NEWARK, NJ — The owner of a Keyport pawn shop has been charged with weapons possession after law enforcement officials found his telephone number in the pants' pocket of one of the suspects in last week's shooting in Jersey City.
Ahmed A-Hady, 35, has been charged with being a previously convicted felon in possession of a firearm, according to U.S. Attorney Craig Carpenito. The weapon in question was found, along with other weapons and ammunition, during a lawful search of A-Hady's shop and residence connected to one of the perpetrators of the December 10 mass shooting that left six people dead, including Jersey City Police Detective Joseph Seals.
A-Hady was arrested by FBI agents early yesterday morning, December 14, and is expected to appear tomorrow before U.S. Magistrate Judge Joseph A. Dickson in Newark federal court, according to a statement by Carpenito.
The two shooting suspects —David Anderson, 47, and Francine Graham, 50 — were killed in the lengthy gun battle with police at a kosher grocery store after they murdered three bystanders there and Seals who was found dead at a nearby cemetery. No information was released on whether A-Hady had any involvement in providing them with the firearms used in the shootout.

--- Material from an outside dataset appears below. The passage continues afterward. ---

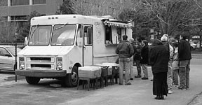 The food trucks located at 77 Massachusetts Avenue and next to Building 68, including the popular Goosebeary’s truck shown here, are popular options for on-campus dining.
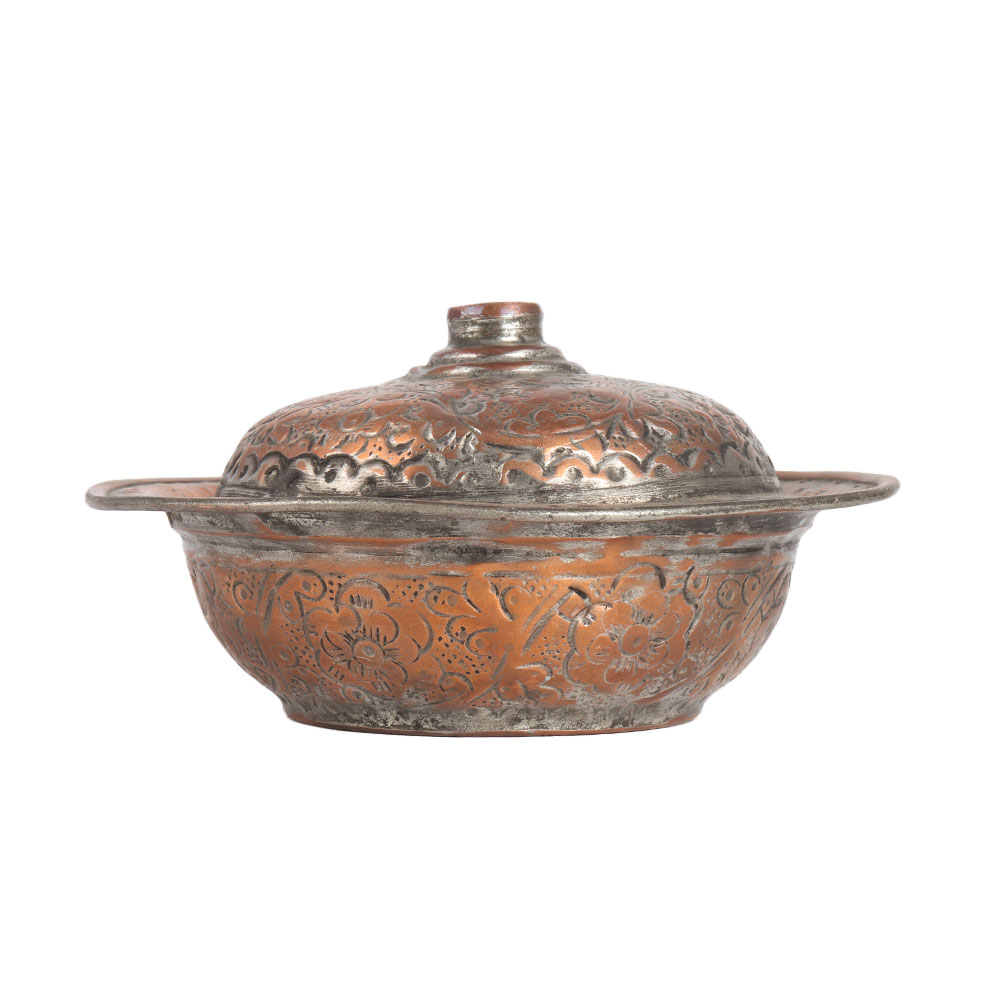 A lovely bowl engraved with beautiful designs that will be a real eye-catcher for your visitors and guests. Buy this copper bowl online from our website, which is made by skilled Indian craftsmen in Islamic art to give a long lasting impression of decoration. This copper bowl was used for serving food on the dining table. It has a lid to protect the food. You can keep this bowl for decoration and collection, but we do not recommend using it for serving food as it is used and old. Keep your small items in it or put it on the table, shelf, desk, dining table or reception to beautify the interior. Its Islamic art engraving makes it a perfect gift for any special and festive occasion for your family, friends and relatives.

In a statement, the U.S. Attorney Office's provided the following sequence of events that led to A-Hady's arrest.
After the December 10 shooting, law enforcement officials recovered a handwritten note in the right rear pocket of Anderson's pants, which contained a phone number ending in 4115 and a Keyport address. FBI agents determined that the phone number belonged to A-Hady, as officials also determined that the Keyport address was for a pawn shop.
Law enforcement obtained records of A-Hady’s history of firearm purchases. Those records indicated that around May 23, 2007, A-Hady purchased a Smith and Wesson .45 caliber handgun. Records also indicate that on or about June 2, 2007, A-Hady purchased a Smith and Wesson .44 caliber handgun.
After purchasing the firearms, A-Hady was convicted on April 2, 2012 in Monmouth County Superior Court, of attempting to obtain a controlled dangerous substance or analog by fraud, a crime punishable by more than one year in prison. As a result of that conviction, A-Hady is no longer permitted to possess a firearm.
On December 13, law enforcement officers traveled to the pawn shop and interviewed A-Hady and two of his relatives. During their interview with A-Hady, he admitted to owning both the .45 caliber and the .44 caliber, but falsely denied that they were on the premises.
After A-Hady was interviewed, one of his relatives told law enforcement that there was a safe located inside the shop that contained firearms, including A-Hady’s .44 and .45 caliber handguns. That relative consented to a search of the safe, where enforcement recovered three firearms: the Smith and Wesson .44 caliber handgun, as well as a PK 380 semiautomatic pistol and a Ruger 9mm.
Law enforcement then lawfully searched both the pawn shop and A-Hady’s private residence. During the search of the shop, law enforcement recovered six rifles (including three AR-15-style assault rifles), three handguns and one shotgun. In addition, during the searches of both locations, law enforcement recovered over 400 rounds of ammunition, including a large number of hollow-point bullets.
While law enforcement officials have said that Anderson and Graham were armed with an AR-15 style rifle and a shotgun, it was not disclosed if A-Hady had any involvement in providing them with firearms to carry out the murders of 40-year-old Jersey City Detective Joseph Shields, and Leah Minda Ferencz, 31, Moshe Hirsch Deutsch, 24, and Douglas Miguel Rodriguez Barzola, 49.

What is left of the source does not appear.